My parents start laughing as they remember dinners of the past, and I just continue to bang my head harder.
This was supposed to be a nice, peaceful dinner.
"Oh my God! I remember ceiling fan baseball from high school!" Doyeon says excitedly. "Except didn't we play it with tater tots a few times?"
"Yes, we've been known to make substitutions," my mother states.
"Okay, what the hell is ceiling fan baseball? It's not what I think it is, right?" Sehun asks as he looks back and forth between my parents. They each look at me expectantly. Doyeon is practically bouncing up and down in her chair in excitement.
Oh what the hell.
I roll my eyes and drain my glass of wine in one gulp, slamming it back to the table with a thunk.
"Alright, fine. Lisa, grab the wooden cutting board with the handle. Doyeon, put all the extra rolls on the stove into a basket. Jim, turn the ceiling fan on low and Sehun, move the table to the side."
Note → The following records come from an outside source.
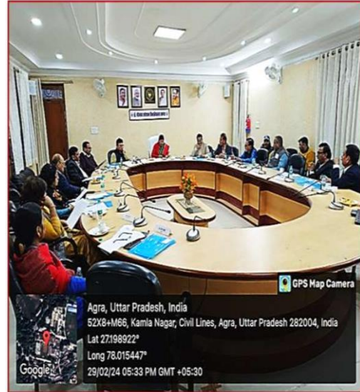
LED Lights at Brihaspati Bhawan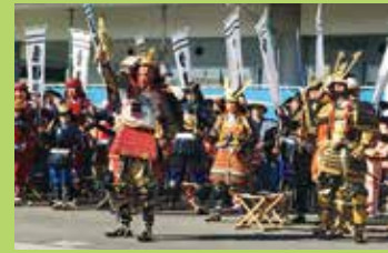
Tenguwa Irrigation System (Soja Akimoto History Festival)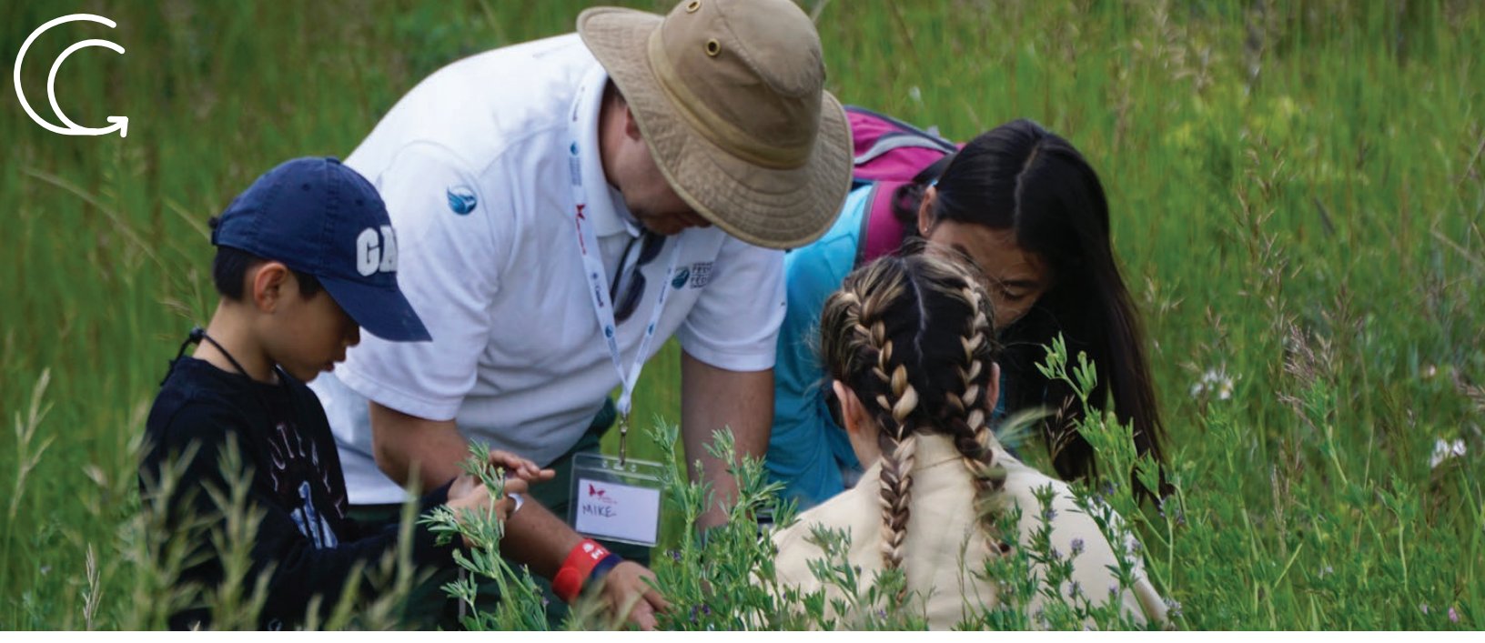
Students identifying species at the Calgary BioBlitz.

Provincial-level agencies and institutions could also initiate a programme of systematic conversations. In Scotland, for example, the government has enshrined community conversations as a central part of its climate strategy, and we recommend this approach in Alberta.<sup>41</sup>

Everyone stares at me with their mouths open for exactly three seconds, and then they all jump into action and start gathering supplies.
"I'll get more booze!" Minnie announces happily.
"I got the mashed potatoes," my dad states casually.
"What do we need mashed potatoes for?" Lisa asks as she walks back into the room with the cutting board, a.k.a "baseball bat".
"Jennie, this one is hot as balls but he's kind of dumb," my mother says as she pats Lisa's cheek affectionately. "The mashed potatoes are the catcher's mitt. Duh."